How HPA works in Kubernetes?

Horizontal Pod Autoscaler (HPA) automatically scales pods in Kubernetes based on observed CPU/memory utilization. This post demystifies how HPA calculates resource usage, determines scaling actions, and implements stabilization windows.

Understanding Horizontal Pod Autoscaler Configuration in Kubernetes

For those using Kubernetes, setting up Horizontal Pod Autoscaler (HPA) is a common way to address resource overconsumption during high loads.

HPA Configuration Basics

While most Kubernetes users know how to configure HPA for an application, some confusion still exists around how HPA calculates resource usage and determines scaling actions. The Kubernetes docs provide detailed information, but it's spread across multiple documents. To simplify things, I'll summarize my key learnings on HPA configuration in one place.

Scaling Based on Resource RequestsF

The current HPA settings for targetCPUUtilization and targetMemoryUtilization are based on requests.cpu and requests.memory. You can find an example configuration here.

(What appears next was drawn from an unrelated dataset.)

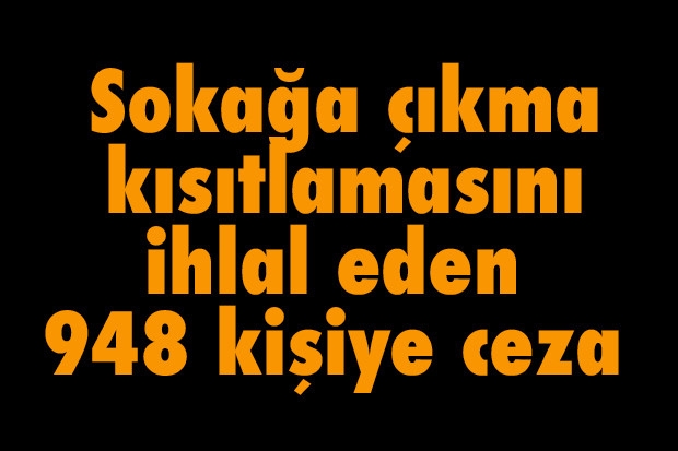 Gaziantep'te sokağa çıkma kısıtlamasını ihlal eden 948 kişiye ceza kesildi.

There have been discussions about basing the HPA algorithm on limits instead of requests, but the best approach is still debated due to tradeoffs.

Is the Target Percentage Capped at 100?

In standard terminology, a percentage target is usually less than or equal to 100%. However, for HPA, this is not required. I was initially confused on this, but after researching various discussions and decisions, it makes sense.

HPA currently uses resources.requests as the baseline for calculating and comparing utilization. So a target over 100% is valid as long as it's below resources.limits.

For example, say a pod has resources.requests.cpu=200m and resources.limits.cpu=4. If HPA is configured with targetCPUUtilization=300%, then when the average consumption across pods reaches 300% of 200m (600m), new pods will scale up.

How Many Pods Will Scale?

Kubernetes uses a simple formula to calculate desired pod count for scaling up or down:

desiredReplicas = ceil[currentReplicas * (currentMetricValue / desiredMetricValue)]

Stabilization Window

A key HPA goal is avoiding constant fluctuation in pod count due to traffic changes. To achieve this, a default 5 minute stabilization window is used.

HPA monitors load, and will wait 5 minutes before scaling down if utilization drops below the target. However, if load increases above the target within the window, it will wait another 5 minutes before scaling down.